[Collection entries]
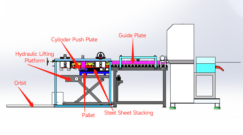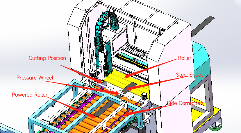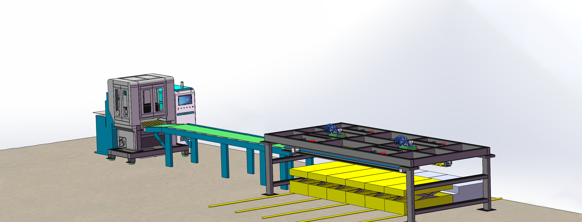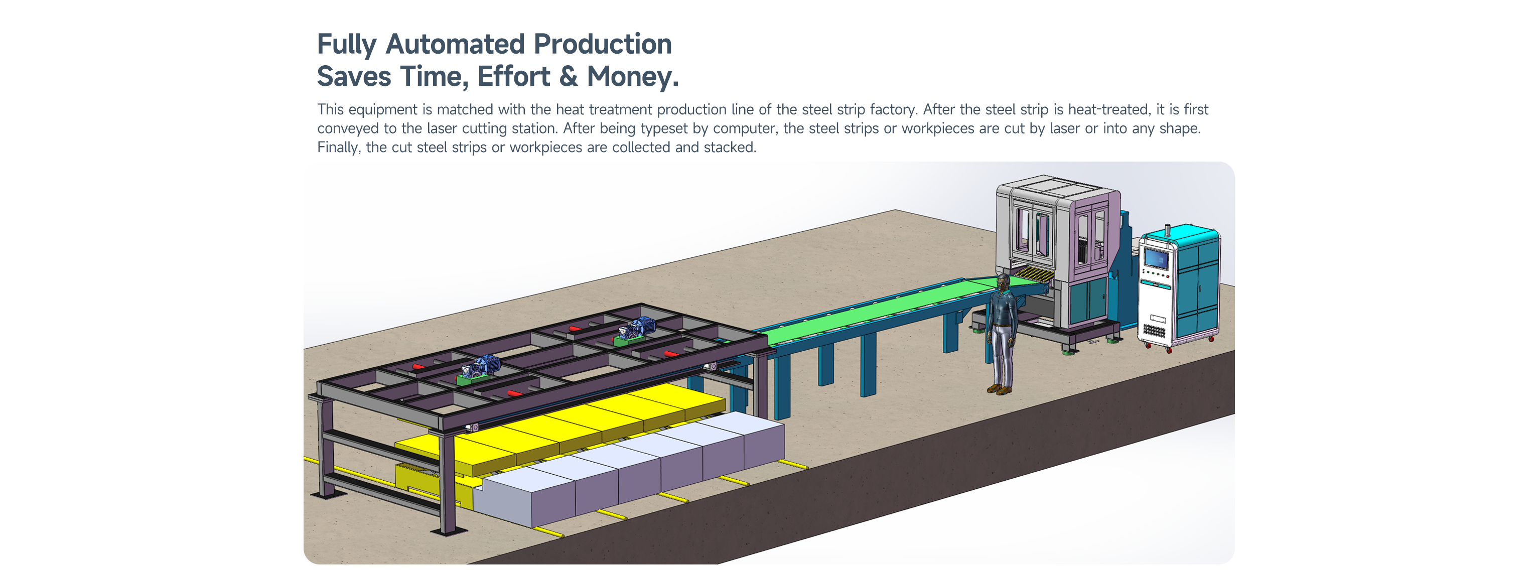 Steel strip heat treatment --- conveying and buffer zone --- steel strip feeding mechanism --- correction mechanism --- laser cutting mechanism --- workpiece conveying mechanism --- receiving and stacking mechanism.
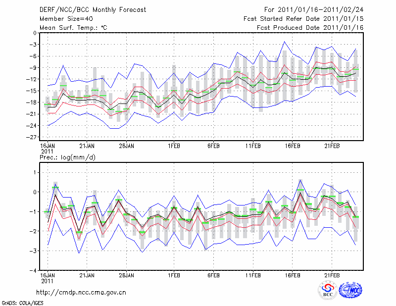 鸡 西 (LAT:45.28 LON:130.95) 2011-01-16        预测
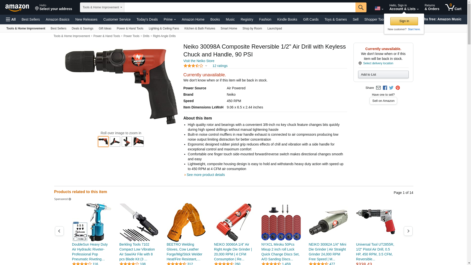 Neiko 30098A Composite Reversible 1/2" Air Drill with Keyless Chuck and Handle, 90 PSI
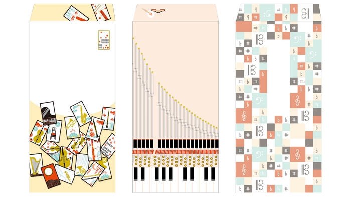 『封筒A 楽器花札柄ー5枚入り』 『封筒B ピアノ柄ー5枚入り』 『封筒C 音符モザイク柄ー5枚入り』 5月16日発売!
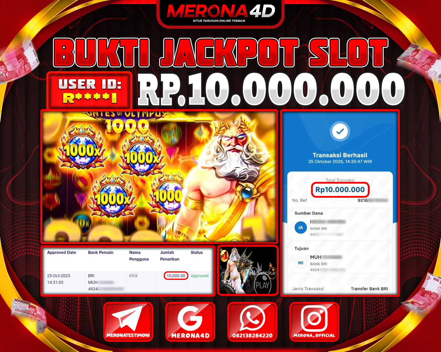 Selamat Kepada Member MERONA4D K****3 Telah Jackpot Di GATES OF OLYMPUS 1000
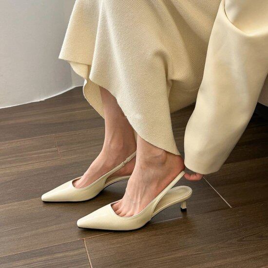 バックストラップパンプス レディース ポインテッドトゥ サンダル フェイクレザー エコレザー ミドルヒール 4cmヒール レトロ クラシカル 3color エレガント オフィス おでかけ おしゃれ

Brief:
Restate the data word for word without pictures.

Your solution:
 Steel strip heat treatment --- conveying and buffer zone --- steel strip feeding mechanism --- correction mechanism --- laser cutting mechanism --- workpiece conveying mechanism --- receiving and stacking mechanism.
 鸡 西 (LAT:45.28 LON:130.95) 2011-01-16        预测
 Neiko 30098A Composite Reversible 1/2" Air Drill with Keyless Chuck and Handle, 90 PSI
 『封筒A 楽器花札柄ー5枚入り』 『封筒B ピアノ柄ー5枚入り』 『封筒C 音符モザイク柄ー5枚入り』 5月16日発売!
 Selamat Kepada Member MERONA4D K****3 Telah Jackpot Di GATES OF OLYMPUS 1000
 バックストラップパンプス レディース ポインテッドトゥ サンダル フェイクレザー エコレザー ミドルヒール 4cmヒール レトロ クラシカル 3color エレガント オフィス おでかけ おしゃれ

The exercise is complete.